Segment Start: Material provided

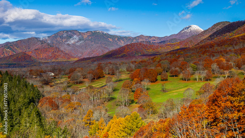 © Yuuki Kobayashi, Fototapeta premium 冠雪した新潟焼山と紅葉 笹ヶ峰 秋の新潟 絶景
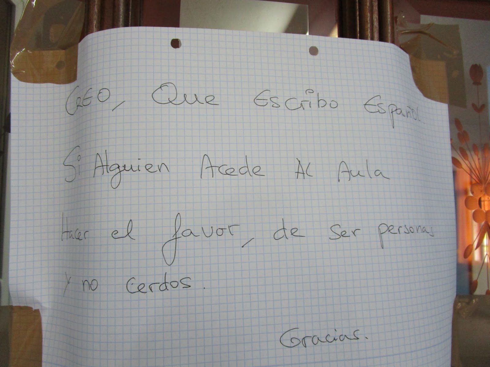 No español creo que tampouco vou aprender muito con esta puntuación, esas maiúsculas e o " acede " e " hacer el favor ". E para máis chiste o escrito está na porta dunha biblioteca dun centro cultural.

Segment End: Material provided
Segment Start: Material provided

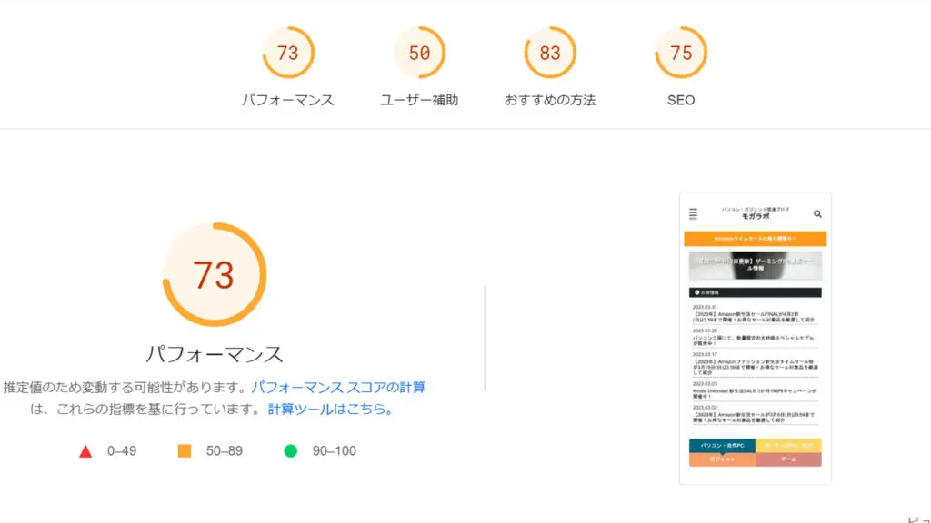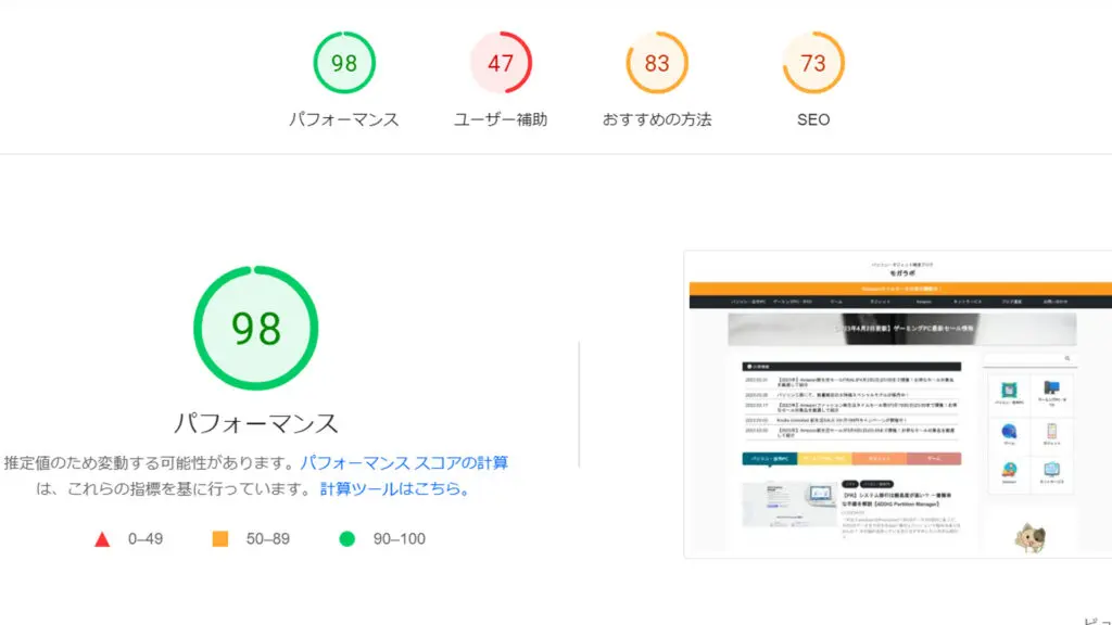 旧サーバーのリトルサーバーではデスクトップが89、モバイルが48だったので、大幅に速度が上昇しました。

Segment End: Material provided
Segment Start: Material provided

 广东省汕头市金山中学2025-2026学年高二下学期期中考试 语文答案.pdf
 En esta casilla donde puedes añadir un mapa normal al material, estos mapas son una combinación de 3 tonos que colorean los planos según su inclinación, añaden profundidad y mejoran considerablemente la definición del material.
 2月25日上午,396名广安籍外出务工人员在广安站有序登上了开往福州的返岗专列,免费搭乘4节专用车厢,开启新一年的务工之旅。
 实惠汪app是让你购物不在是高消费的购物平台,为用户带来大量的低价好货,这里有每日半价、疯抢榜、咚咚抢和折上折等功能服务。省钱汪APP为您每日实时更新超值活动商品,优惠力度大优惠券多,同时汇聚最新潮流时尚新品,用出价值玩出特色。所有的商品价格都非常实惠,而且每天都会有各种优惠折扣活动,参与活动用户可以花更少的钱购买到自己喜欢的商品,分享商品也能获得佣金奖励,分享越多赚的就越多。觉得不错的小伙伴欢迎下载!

Segment End: Material provided

:: Directions ::
In the data above, which lines lie between the line with "En esta casilla" and the line with "2月25日上午,396名广安", inclusive? Print those lines exactly and nothing else.

:: Final answer ::
 En esta casilla donde puedes añadir un mapa normal al material, estos mapas son una combinación de 3 tonos que colorean los planos según su inclinación, añaden profundidad y mejoran considerablemente la definición del material.
 2月25日上午,396名广安籍外出务工人员在广安站有序登上了开往福州的返岗专列,免费搭乘4节专用车厢,开启新一年的务工之旅。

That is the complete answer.